Leaving Telč around 11:30am (according to the sun dial on the building in the pictures below) we drove just west of Slavonice to start our hike for the day. Again, I was caught off guard when in the middle of this calming forest we start to come across concrete bunkers and other remnants of the Iron Curtain. The area used to be cleared of trees to allow for clean lines of sight between bunkers, this area never saw any major hostilities. In learning and seeing just how many of these bunkers were created is both a marvel at human ingenuity and plan, but also an indication of the fear brought upon people by war.

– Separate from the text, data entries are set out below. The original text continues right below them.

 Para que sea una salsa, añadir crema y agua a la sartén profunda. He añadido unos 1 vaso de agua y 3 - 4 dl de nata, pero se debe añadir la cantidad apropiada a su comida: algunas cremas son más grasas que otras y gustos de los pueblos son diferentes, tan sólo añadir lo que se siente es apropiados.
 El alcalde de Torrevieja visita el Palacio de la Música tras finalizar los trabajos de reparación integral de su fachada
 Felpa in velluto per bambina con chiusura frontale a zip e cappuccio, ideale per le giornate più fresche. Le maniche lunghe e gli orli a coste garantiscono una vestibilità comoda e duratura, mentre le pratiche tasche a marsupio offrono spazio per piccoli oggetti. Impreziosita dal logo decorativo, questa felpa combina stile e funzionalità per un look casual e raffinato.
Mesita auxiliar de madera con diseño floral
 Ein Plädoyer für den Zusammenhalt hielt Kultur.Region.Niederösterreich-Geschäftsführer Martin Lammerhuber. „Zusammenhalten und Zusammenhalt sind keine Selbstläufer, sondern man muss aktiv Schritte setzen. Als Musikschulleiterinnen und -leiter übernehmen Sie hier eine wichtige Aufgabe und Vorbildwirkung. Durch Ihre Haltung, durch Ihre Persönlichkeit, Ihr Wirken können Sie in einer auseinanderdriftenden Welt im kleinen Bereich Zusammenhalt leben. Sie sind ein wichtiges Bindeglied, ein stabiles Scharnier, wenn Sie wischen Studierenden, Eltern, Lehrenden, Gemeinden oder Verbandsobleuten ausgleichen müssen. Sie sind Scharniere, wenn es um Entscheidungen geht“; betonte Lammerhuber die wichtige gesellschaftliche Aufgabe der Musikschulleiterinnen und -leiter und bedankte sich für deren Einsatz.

After this hike it was time to drive to Jindřichův Hradec for the evening. Driving through Dačice I was able to get a quick photo of their monument for the first sugar cube – yup, they were invented/created in the Czech Republic!

Český Krumlov – 2 Nights

Our guides said I would really like the plan for today, not sure if they were being sarcastic or not, I was ready for more castles (they were starting to look all the same to me) or some really challenging hiking trails.  Well, it turned out I was wrong on both counts. We drove over to the tourist town of Třeboň and started a nice walk through the town but it wasn’t long before we found the spot.  Was it a scenic lookout? The location of a strategic battle?  Nope and nope, it was … the Bohemia Regent brewery!  Unfortunately, no time for a tour but there was time for tasting of their four signature brews.  Not always best to start drinking right before a hike but one must make sacrifices in life.  The afternoon hike was more of a walk but very scenic along Svet (World) Pond and past the Schwarzenberg tomb.  It was not a long walk to Spoli before the quick drive to Český Krumlov, where the throngs of tourists awaited our arrival.  😉

The next morning the itinerary had us doing a nice hike through the Blanský Forest Nature Reserve forests in the area but our guides had a couple of nice surprises for us.

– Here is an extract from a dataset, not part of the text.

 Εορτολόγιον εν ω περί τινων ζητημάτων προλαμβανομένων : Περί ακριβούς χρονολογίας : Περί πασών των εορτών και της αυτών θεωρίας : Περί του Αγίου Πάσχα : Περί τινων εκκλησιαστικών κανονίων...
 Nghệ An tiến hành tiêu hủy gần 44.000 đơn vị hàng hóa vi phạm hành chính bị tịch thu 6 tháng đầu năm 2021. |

The trees were starting to change colour and our guides were able to get a local forest ranger to join us for part of the hike. This was very interesting to hear about their philosophy to forest management and their attempts to restore the forest to their original varieties while also letting nature do most of the work.  The views during this hike were truly wonderful; being out in nature doing the fall is something everyone should strive to accomplish.  The forest ranger left us before we reached the Kleť mountain peak, where we stopped for our last picnic lunch of the trip.

After lunch was our second surprise (the forestr ranger being the first); we were given the option of hiking down or taking a scooter down. I had never been on one of these scooters before but with a little instruction and a helmet about half our group was off.  Ohh that was fun, and you could get some good speed going downhill, but with the available views it was rewarding to slow down and just enjoy the smells of the forest.  This was a great way to end the afternoon before heading into the very touristy Český Krumlov area.

Český Krumlov is obviously a tourist favourite due to the castle, cobblestone roads and architecture, but I appreciate the itinerary our guides came up with that kept us out of the town for most of the day, returning only in the late afternoon after most of the tourists had moved on.

Prague – 2 Nights

Before leaving Český Krumlov we toured the Český Krumlov Castle but first we had sneak our way past the unBEARable tight security. (They have 2-3 bears in the moat around the castle.)  This is one of the larger castles and the main tourist draw of the town so getting an early start is recommended. We all have our biases and I have to say that I enjoyed the castle gardens much more than the tour inside the castle. I just prefer being outside and closer to nature.

On the way to Prague we stopped in the historic village of Holašovice for a great lunch. I wish we had stayed in small villages like this so that we had more time to interact with the locals. It looked like one of those sleepy little towns where you could just sit and relax without worrying about time. However, it was back on the road and off to Prague for dinner.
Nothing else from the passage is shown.